IPv4Address/IPv6Address, int, long, str

IPv4Address/IPv6Address

使用示例

设置连接信息

可参考下面代码样例设置 ByteHouse 连接信息,按照获取 ByteHouse 连接信息中信息替换下面的 HOST、PORT 和 API_KEY 字段。

  1. 通过传递参数的方式:
from clickhouse_driver import Client

client = Client(
    host="{HOST}",
    port=19000,
    user="bytehouse",
    password="{API_KEY}",
    database="{DATABASE}",
    secure=True,
)
  1. 通过连接字符串的方式。
from clickhouse_driver import Client

uri = "clickhouse://bytehouse:{API_KEY}@{HOST}:19000/{DATABASE}?secure=True"
client = Client.from_url(uri)

基本用法示例

请参阅以下基本查询的示例代码。按照获取 ByteHouse 连接信息中信息替换下面的 HOST、PORT 和 API_KEY 字段。

from clickhouse_driver import Client
from datetime import datetime

# Connect to ByteHouse
client = Client(
    host="{HOST}",
    port=19000,
    user="bytehouse",
    password="{API_KEY}",
    database="{DATABASE}",
    secure=True,
)

# Create Table
create_table_query = """
CREATE TABLE IF NOT EXISTS example_table (
    id Int32,
    name String,
    created_at DateTime
)
ENGINE = CnchMergeTree()
ORDER BY id;
"""
client.execute(create_table_query)

# Insert Data
data = [
    (1, 'Alice', datetime(2024, 11, 20, 10, 30, 0)),
    (2, 'Bob', datetime(2024, 11, 20, 11, 0, 0)),
    (3, 'Charlie', datetime(2024, 11, 20, 12, 15, 0)),
]
client.execute("INSERT INTO example_table (id, name, created_at) VALUES", data)

# Query Data
rows = client.execute("SELECT * FROM example_table")
for row in rows:
    print(row)

指定服务器设置

如果ByteHouse服务器支持某设置(例如virtual_warehouse),而开源驱动包中没有该设置,可以通过参考下面的示例增加。

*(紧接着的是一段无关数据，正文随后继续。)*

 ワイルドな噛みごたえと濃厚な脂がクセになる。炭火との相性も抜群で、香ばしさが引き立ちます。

from clickhouse_driver import Client
from clickhouse_driver.settings.available import settings as available_settings, SettingString

available_settings['virtual_warehouse'] = SettingString

client = Client(
    host="{HOST}",
    port=19000,
    user="bytehouse",
    password="{API_KEY}",
    database="{DATABASE}",
    secure=True,
    settings={"virtual_warehouse": "vw-123456789-vw-name"},
)

指定查询 ID

from clickhouse_driver import Client

# client = Client(...) # Initialize client

query_id = "bbd7dea3-eb63-4a21-b727-f55b420a7223"
client.execute("SELECT 1", query_id=query_id)

从 Pandas dataframe 插入数据

'use_numpy': True 设置需要 Numpy / Pandas 包的支持,可参考下面的示例。

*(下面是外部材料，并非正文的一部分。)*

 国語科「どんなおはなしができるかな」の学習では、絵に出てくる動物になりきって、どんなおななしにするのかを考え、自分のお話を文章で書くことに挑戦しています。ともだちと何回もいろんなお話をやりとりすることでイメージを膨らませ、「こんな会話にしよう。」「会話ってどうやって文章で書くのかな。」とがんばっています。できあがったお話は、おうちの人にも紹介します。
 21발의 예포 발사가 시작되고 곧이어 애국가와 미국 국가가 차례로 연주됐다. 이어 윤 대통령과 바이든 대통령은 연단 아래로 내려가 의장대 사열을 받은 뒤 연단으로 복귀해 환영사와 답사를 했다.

from clickhouse_driver import Client
import pandas as pd

client = Client(
    host="{HOST}",
    port=19000,
    user="bytehouse",
    password="{API_KEY}",
    database="{DATABASE}",
    secure=True,
    settings={"use_numpy": True},
)

client.execute(
   'CREATE TABLE test_df (x Int, y String) Engine = CnchMergeTree() ORDER BY tuple()'
)

df_insert = pd.DataFrame({
    'x': [1, 2],
    'y': ['apple', 'banana'],
}, dtype=object)

client.insert_dataframe('INSERT INTO test_df VALUES', df_insert)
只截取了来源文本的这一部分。